There is one law for high-functioning executives and another law for you, reader.

As a drunk among nations, America is inclined, when sober and headachey, to resolve on radical cures. It’s best cure is always prohibition. Its an ace resolve, all the better because – of course – it is impossible to implement. Thus it can continue the cycle of sin and guilt, which is the whole point:
“Several states are now preparing new opioid-dosing guidelines that may inadvertently worsen undertreatment. This year, the state of Washington advised nonspecialist doctors that daily opioid doses should not exceed the equivalent of 120 milligrams of oral morphine daily — for oxycodone or OxyContin, that’s just 80 milligrams per day — without the patient’s also consulting a pain specialist. Along with the guidelines, officials published a statewide directory of such specialists. It contains 12 names. “There are just not enough pain specialists,” says Scott M. Fishman, chief of pain medicine at the University of California at Davis and a past president of the American Academy of Pain Medicine. And the guidelines may keep nonspecialists from prescribing higher doses. “Many doctors will assume that if the state of Washington suggests this level of care, then it is unacceptable to proceed otherwise,” Fishman says.”

"He'll stamp out your fire/he can change your desire/don't you know he can make you forget you're the man"

3 comments:

Scruggs said...

Whence this calculated, smirking mercilessness, Roger, this fascination with torturing people -- keeping them alive, forcing them to stay alive and keeping them in pain? It crosses our country's nominal ideological boundaries to an extent I'd call pathological. Only the minority ideologies oppose it, officially (among them the libertarians).

Brian said...

All part of the Culture of Life, Mr. Scruggs. The Culture of Life.

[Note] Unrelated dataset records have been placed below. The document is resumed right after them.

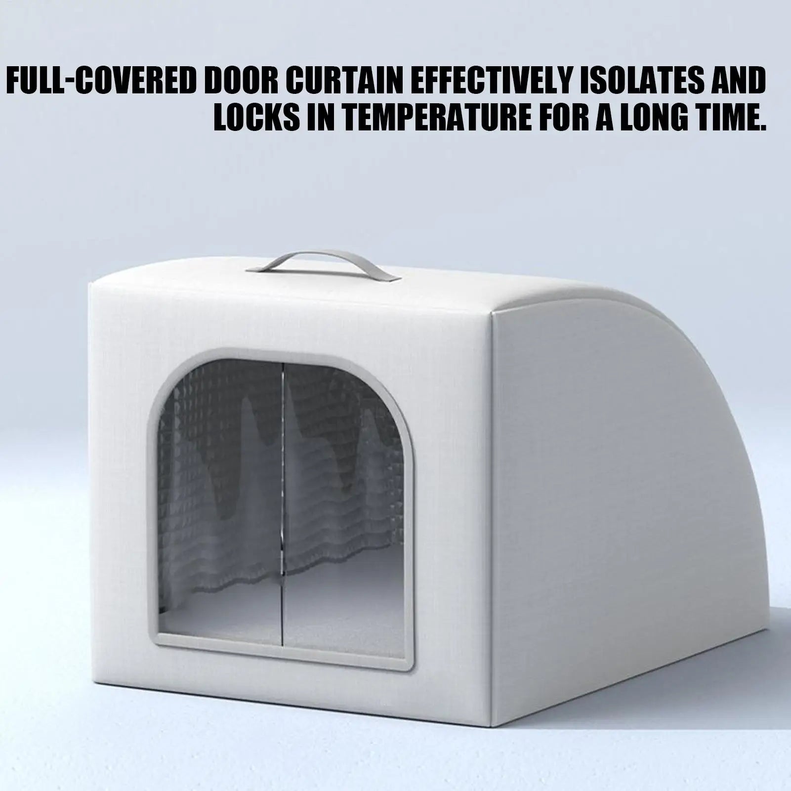 the COOLING CAVE - Doghouse with Cooling, Foldable Pet Cooling Shelter for Dogs/Cats with 8 Ice Bags, Doghouse for Farm, Backyard, Living Room, Front Door
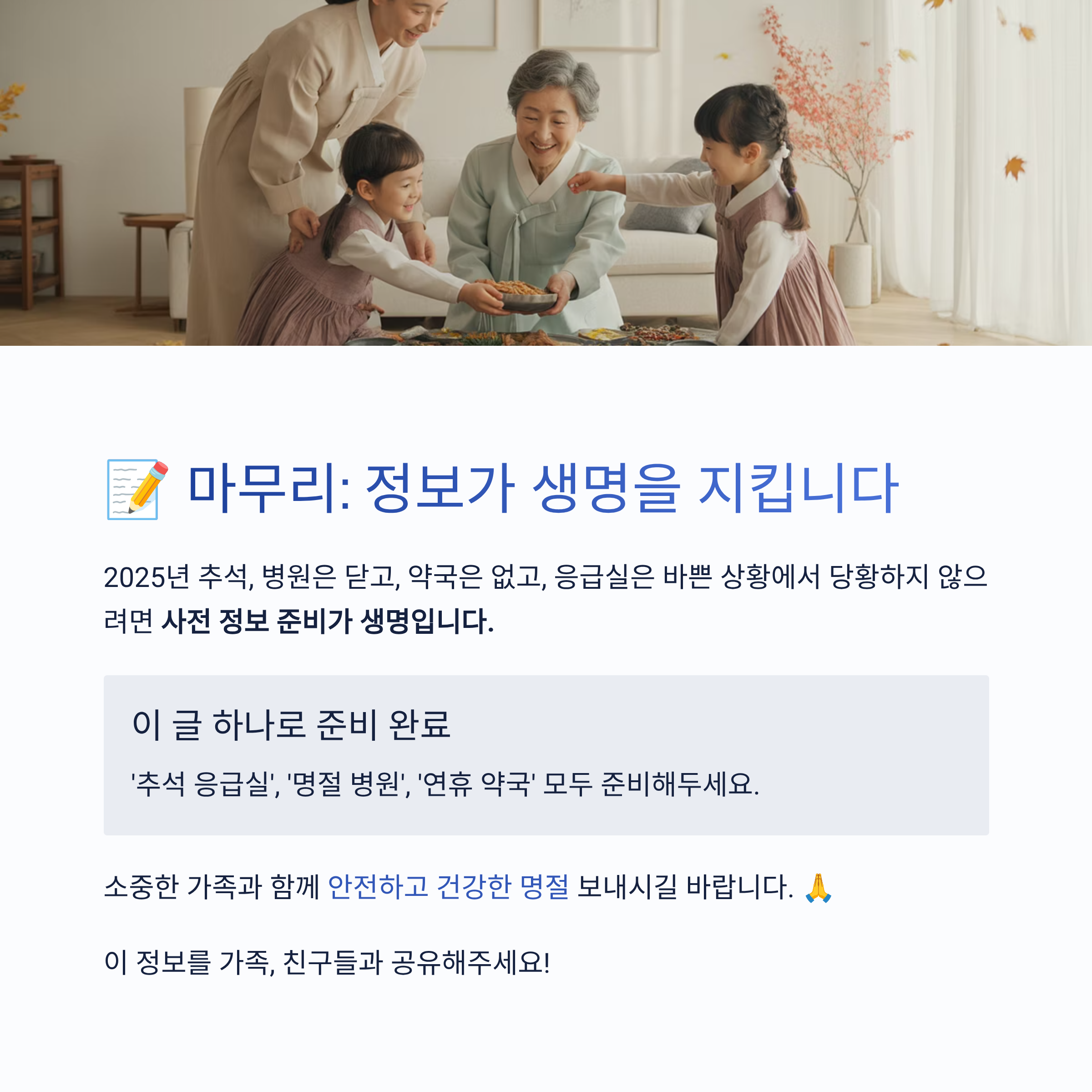 📌 이 글 하나로 '추석 응급실', '명절 병원', '연휴 약국' 모두 준비해두세요.
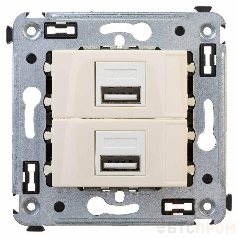 USB зарядное устройство в стену. Назначение: для монтажа в подрозеточные коробки глубиной не менее 45 мм (код 59301); используется для подзарядки электронных гаджетов. Характеристики: винтовые зажимы; номинальное напряжение – 220 В; частота – 50–60 Гц; напряжение на выходе – 5 В; номинальный ток на каждом выходе - 2,1 А. Кол-во модулей: 2. Цвет: "Ванильная дымка". Производитель оставляет за собой право вносить во внешний вид изделия изменения, которые не влияют на его функционал, безопасность и надежность.
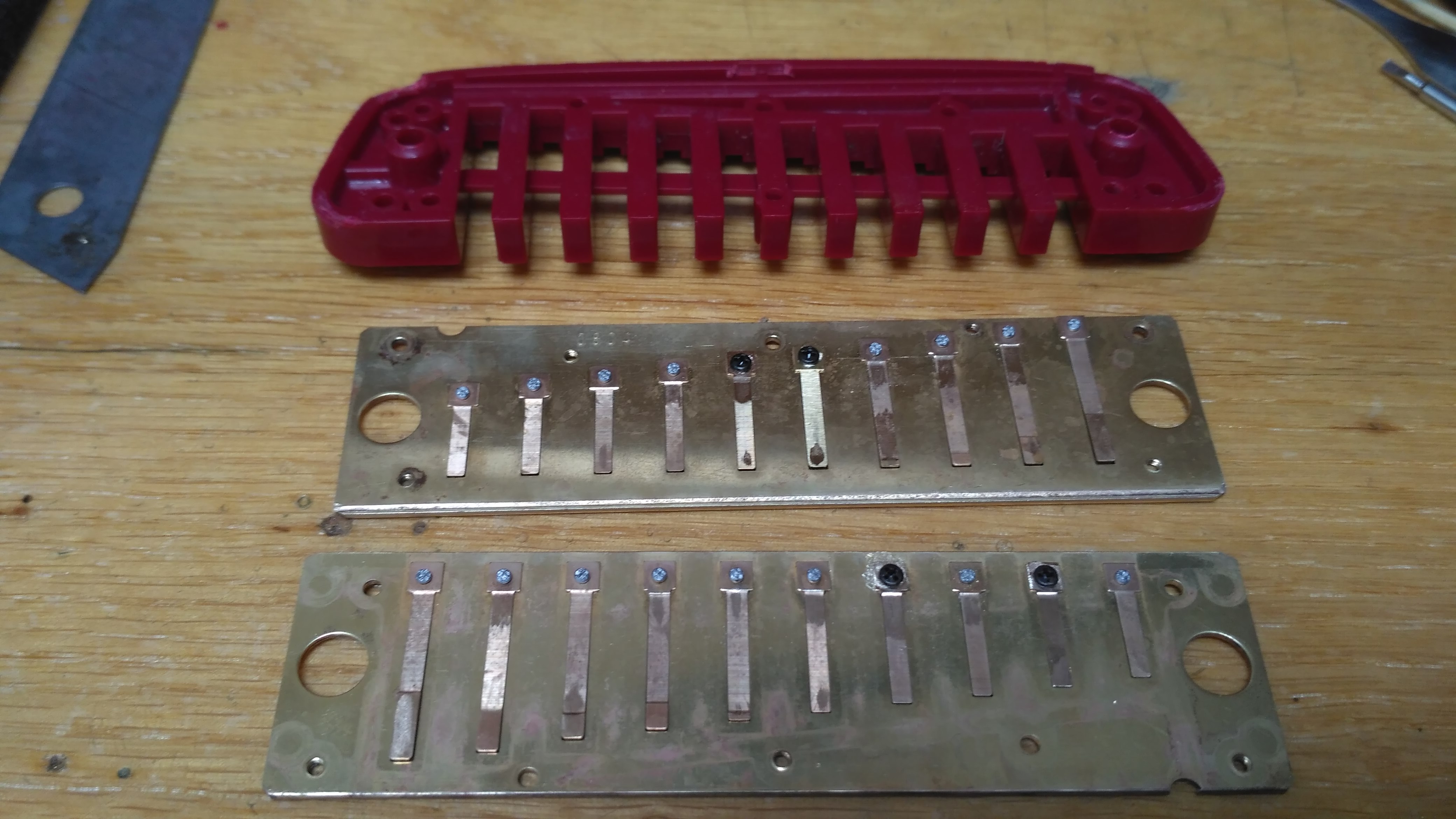 Четвертий на вдох начал низить на пол тона. Разобрал, язичок вроди цел. Подпилил край язичка по тюнеру, стало все в норму. Но поиграв пол дня, опять понизился. Я так думаю, что язичку пришел конец. Если кто может помочь, отзовитесь.
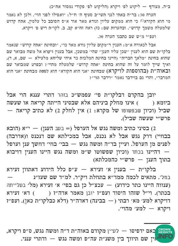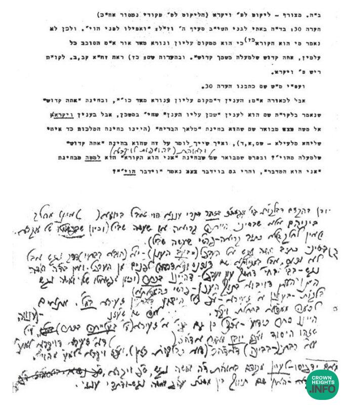 A ‘likkut’ was prepared for Shabbat Parshas Vayikra 5730 (from the Rebbe’s farbrengen on Shabbat Parshas Vayikra 5725, later published in Likkutei Sichos, Volume 7 Page 20), in which Reb Yoel Kahan, who led the writing, editing, and distribution of the Rebbe’s Sichos since the summer of 5710, wanted to clarify a specific point in the sicha. As usual, he submitted a note with his question to the Rebbe through the Mazkirus.

Hey, roger: thanks for getting rid of that awful scrambled text coding to post. I am, after all, only an Artificial Intelligence Entity and was stymied at times by the wierd patterns!

roger said...

Brian, actually, that was North's suggestion. Although I should claim it as an act of administrative genius on my part!

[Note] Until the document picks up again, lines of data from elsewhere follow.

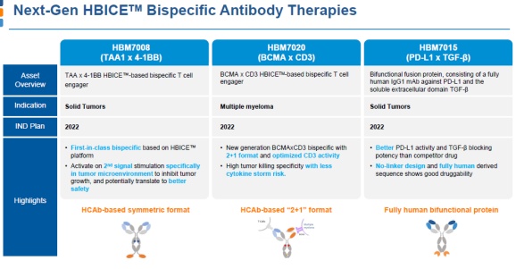 由于能产生不含轻链的全人源重链抗体,HBICE平台拥有良好的灵活性,能生成传统抗体平台难以实现的多种分子结构,这使得我们能实现依靠组合疗法或联合用药无法实现的分子作用机制,最终实现“1+1>2”的效果。
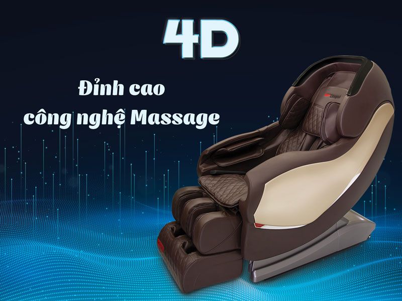 Ghế massage 4D, dòng ghế được trang bị công nghệ sản xuất hiện đại nhất trên thế giới cho đến thời điểm này. So với ghế massage 2D hoặc 3D, ghế massage toàn thân 4D hơn hẳn cả về quãng đường và số lượng bi lăn cũng như nhiều tính năng tiên tiến khác.
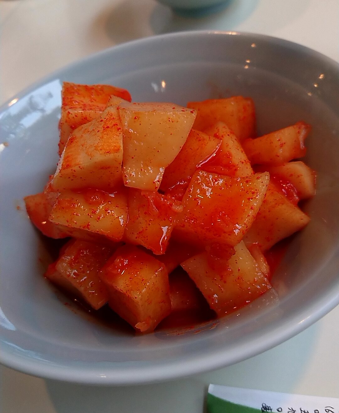 ビールのお供に頼んだカクテキは量が多く、酸味と辛味が程よい美味さ
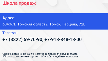 Школа продаж по адресу 634061, Томская область, Томск, Герцена, 72Б в дальнейшем Организация, размещена в следующих категориях:
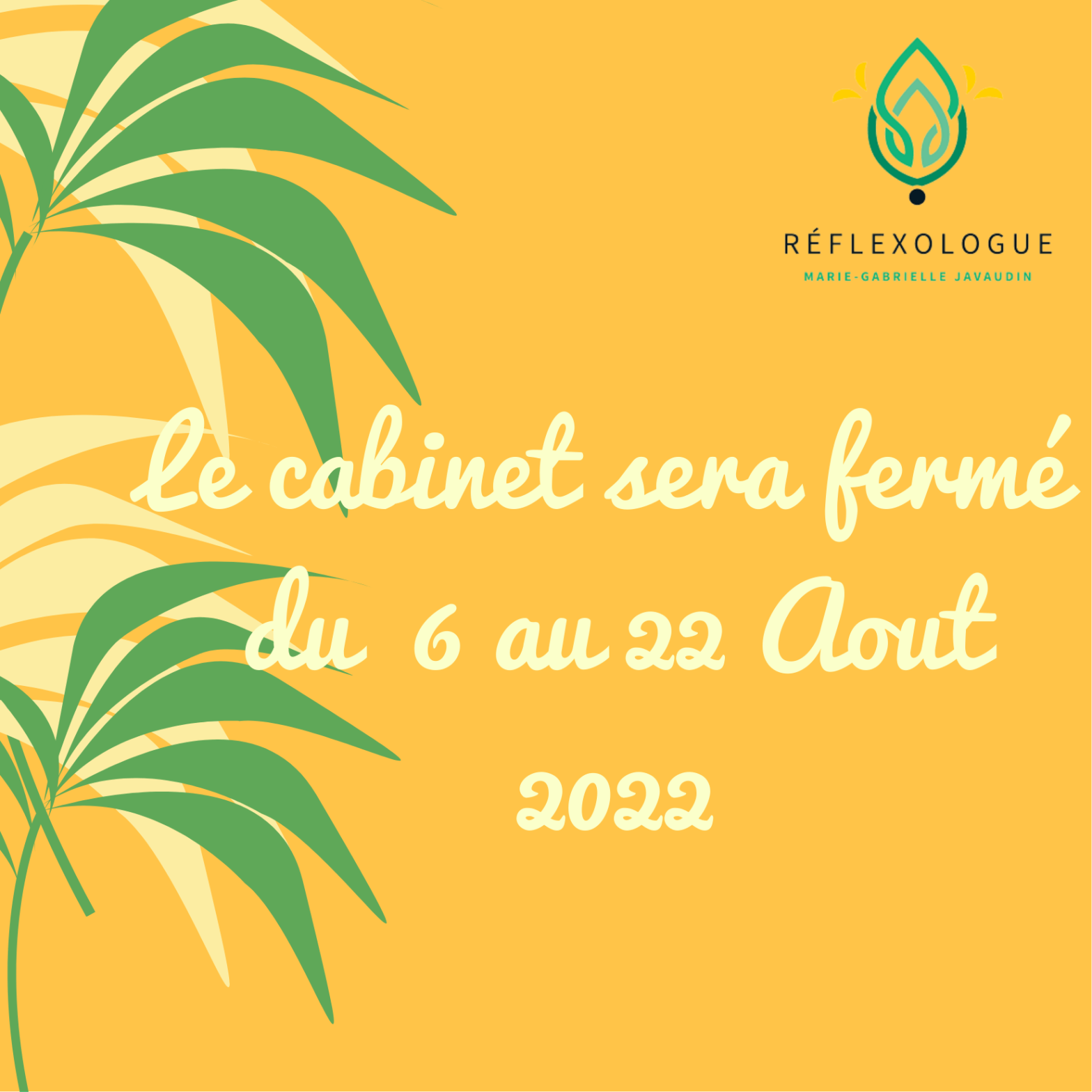Une petite pause pour se ressourcerLe cabinet sera fermé du 6 au 22 aout 2022 Vous pouvez toujours prendre rendez-vous sur https://reflexologie44.com Je reste disponible par mail. Bel été
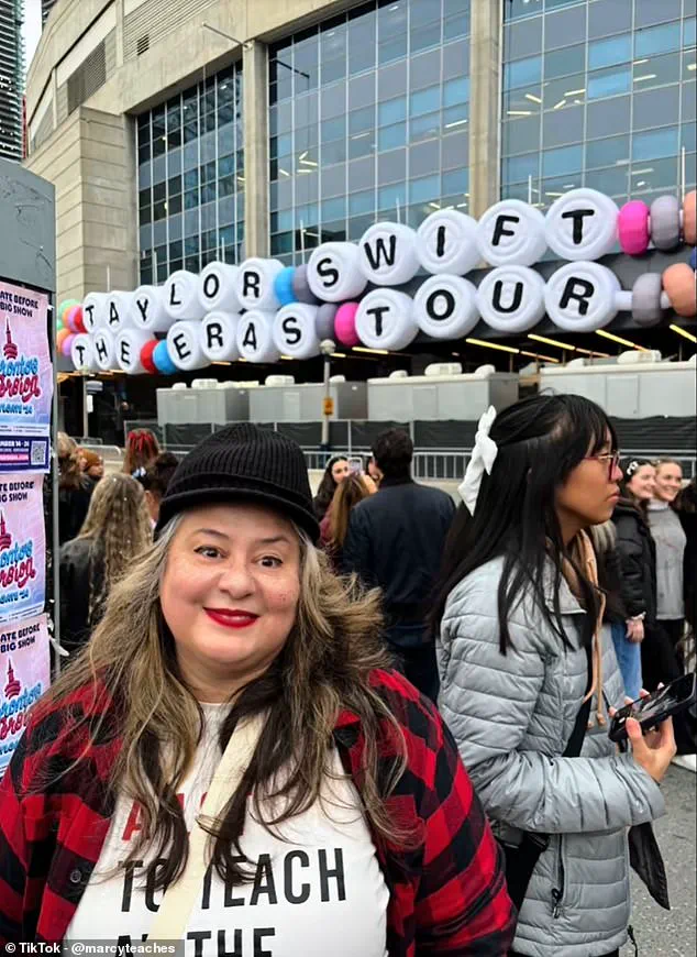 Marcy is pictured above attending Taylor Swift’s Eras tour more than a month before she was diagnosed with the disease. There is no risk that she could have been infected at the time

However, my own opinion on Mr. Scrugg's question is that ... I'm not sure where fear of not keeping patients alive, the "forcing them to stay alive and keeping them in pain" thing comes from. I think we are living in a medical environment nobody has ever encountered before. At the same time, the old extended family is gone, which means that those living in the highest pain and mortality zone - the aged - are living on their own. I'm not saying this as though it were a bad thing - it is just a thing - but there is an awful lot of guilt attached to it. As the apes who punish themselves, we've all learned to associate pain with punishment - there is a sort of synaptic jump which occurs when one has a pain to 'what did I do to deserve this", which is all about that pain-punishment connection. I could get all Nietzschian about this, but then Mr. Scruggs would have to shoot me.

However, I believe that the pain-punishment association is built into the floating guilt around these issues. That's why it seems, sometimes, as though America is the drunk among nations - we have that same cycle of binge and regret, with regret codified in legislation and law enforcement agencies that are more than happy to force regret down your throat. In the article I referenced, there are a number of accounts of people in so much pain they can't do things, like sleep. The obvious question then becomes: why is it worse to be addicted than to be in constant pain?
On a more surface level, of course, Rosenberg's article is just another proof that as soon as the DEA appears, in any way, to get involved with any issue, everything goes to shit. It will be a small triumph for civilization when the DEA is abolished.